Braxén lifted the cat aside, an unusually ugly specimen, mottled yellow-ocher, black and white, and said, “A long lifetime’s struggle against various authorities, and especially those who have more power than others, has taught me that one can seldom
get anyone to listen, and even more seldom convince them that you’re right.”

“Who rules this shitty country?” she said.

“Officially, Parliament, but in practice the cabinet and the committees and the capitalists and a number of people who have been chosen because they either have money or can control politically important groups, the trade-union bosses. The head bossman so to speak, is—”

“The King?”

“No, the King has no say in the matter. I mean the head of the government.”

“The head of the government?”

“Haven’t you ever heard of him?”

“No.”

“The head of the government, or the Premier or the Prime Minister or the Minister of State or whatever you like to call him. He is the leader of the country’s politics.”

Crasher rummaged around on his desk. “Here,” he said. “Here’s a picture of him in the paper.”

“How awful. And who is that in the cowboy hat?”

“An American senator who is shortly coming on an official visit. He was governor of the very state your boy friend comes from, as a matter of fact.”

“My husband,” she said.

“Well, one never knows what word to use nowadays,” said Crasher, with a belch.

“Can a person go and talk to that man who’s head of the government? He does speak Swedish, doesn’t he?”
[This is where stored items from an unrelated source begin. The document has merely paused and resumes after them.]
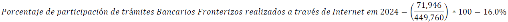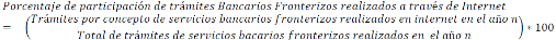 | Nombre | 4.2 Porcentaje de participación de trámites Bancarios Fronterizos realizados a través de Internet. | ||||||||||||||||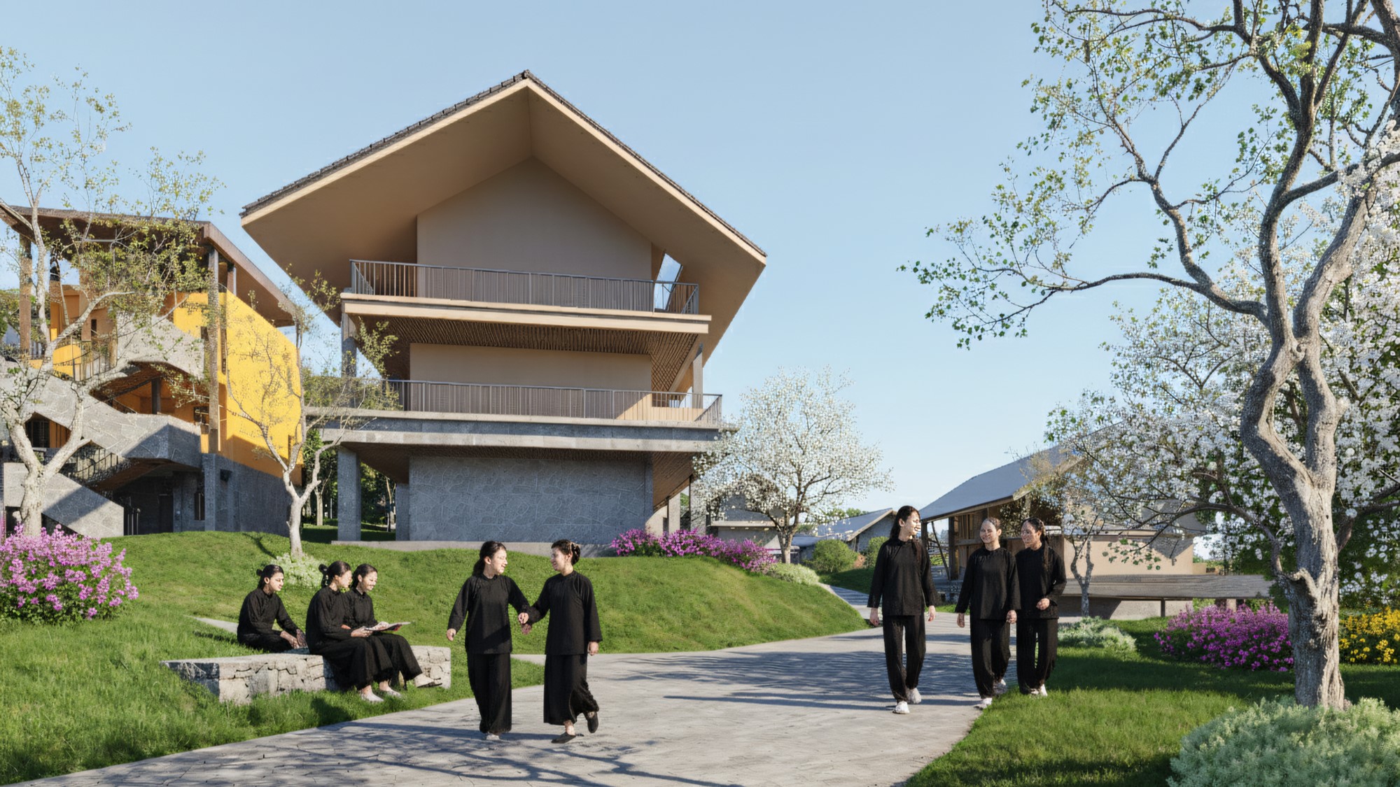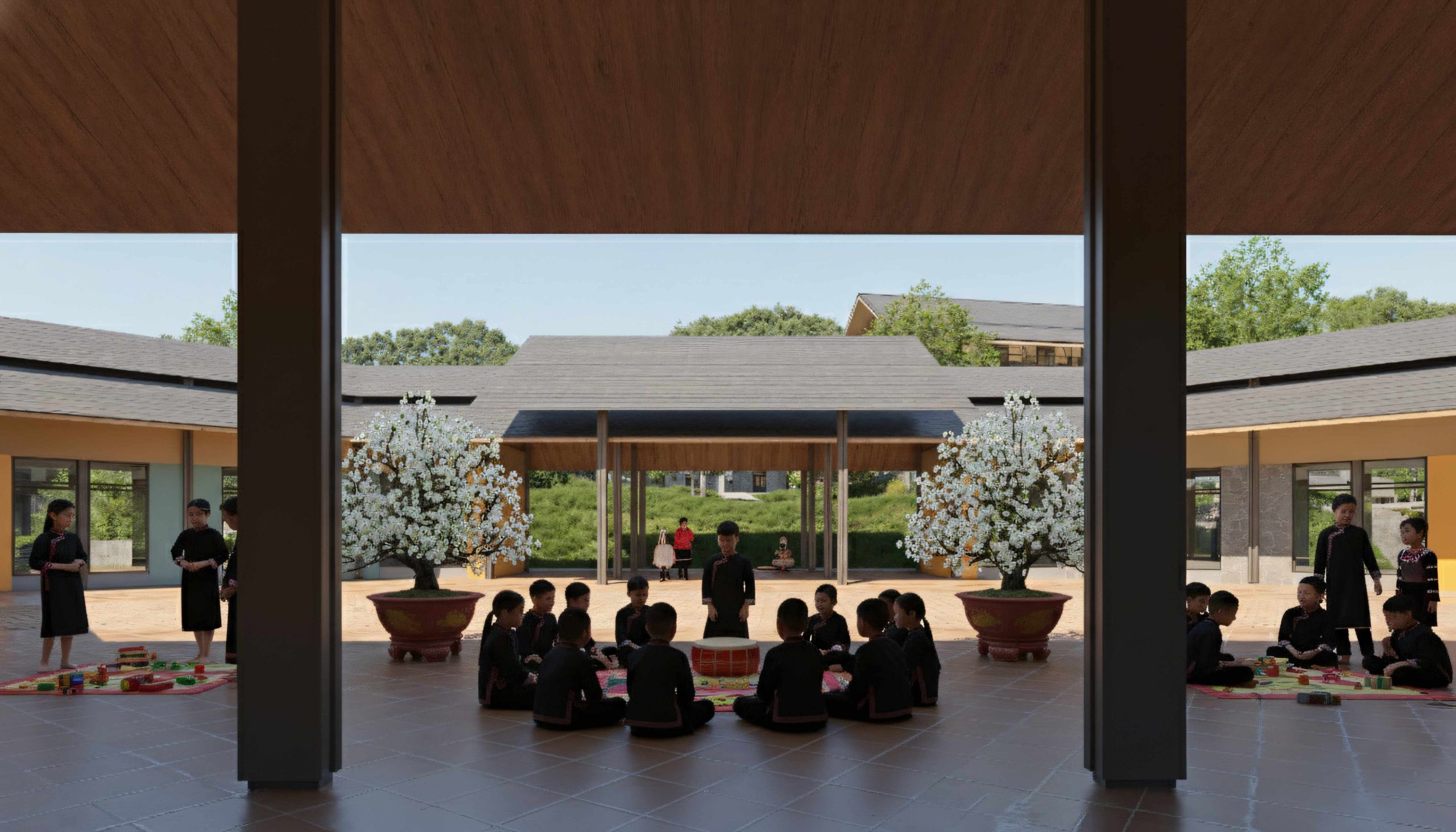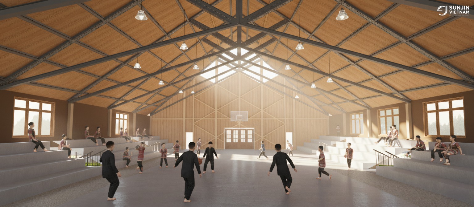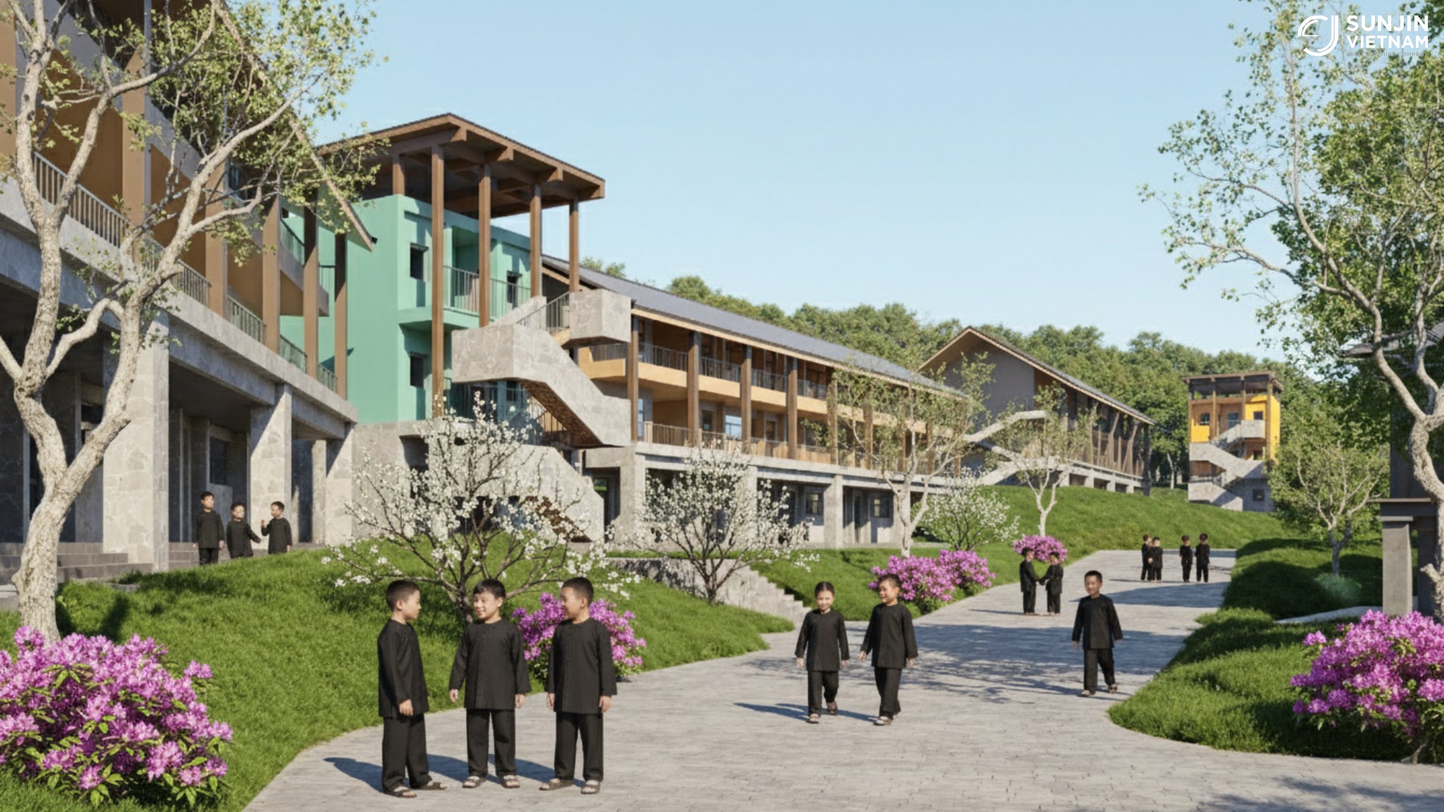 Giữ gìn bản sắc và kết nối cộng đồng. Trong thiết kế trường liên cấp nội trú, các kiến trúc sư Sunjin Vietnam hướng đến một không gian học tập mang đậm tinh thần dân tộc, nơi giá trị bản địa được chuyển hóa tinh tế qua ngôn ngữ kiến trúc hiện đại.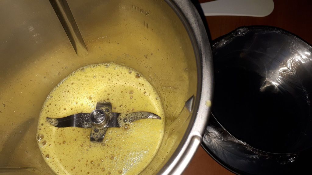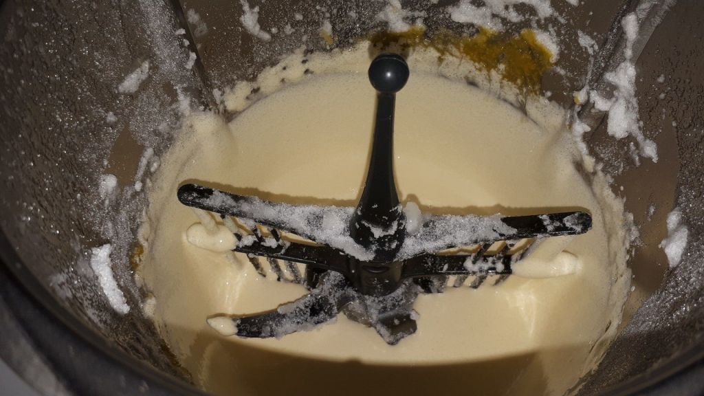 - Inutile de rincer le bol, mettre le jaune avec la sucre et le fouet puis mélanger 2min/vit3, enlever le fouet, puis verser la farine par le trou du couvercle pendant 1min/vit3, ajouter le blanc et continuer le mélange 1min/vit3.

“Yes, but it would still be difficult. He doesn’t receive just anyone, except just before an election. But one can draw up a writ, which means sending a letter.”

“I couldn’t do that,” she said resignedly.

“But I could,” said Crasher.

From the bowels of his remarkable desk, Hedobald Braxén unfolded a flap on which an ancient Underwood was mounted. He pushed two pieces of typing paper with a carbon paper between them into the machine, then started typing easily and nimbly.

“Won’t it be very expensive?” said Rebecka uncertainly.

“As I see it, it’s like this,” said Crasher. “If someone who is really guilty of something criminal or who injures society can receive free legal aid, then a person who is totally innocent should certainly not have to pay expensive lawyer’s fees.”

He glanced through the letter, gave the original to Rebecka and put the copy away in a file.

“What shall I do now?” she asked.

“Sign it,” said Braxén. “My address here is at the top of the paper.”

She signed it, her hand trembling a little, while Braxen addressed the envelope. Then he sealed the envelope, affixed a stamp showing a picture of their powerless king and gave her the letter.

“If you turn right when you go out of the building and then turn right again, you’ll find a mailbox.”

“Thank you,” she said.

“Goodbye, Ro … Rebecka. Where can I get hold of you?”

“Nowhere at the moment.”

“Then come back here. In a week’s time at the earliest. We cannot expect a reply before then.”

When she had closed the door behind her, Braxén folded the flap with the typewriter on it back again and lifted the mottled cat back onto his lap.

 13 

The tall, blond man had a British passport, made out in the name of a businessman called Andrew Black. He arrived in Sweden on the fifteenth of October and used the best possible entry, from Copenhagen via hydrofoil to Malmö, where the passport police, if they are even on duty, spend most of their time yawning and drinking coffee.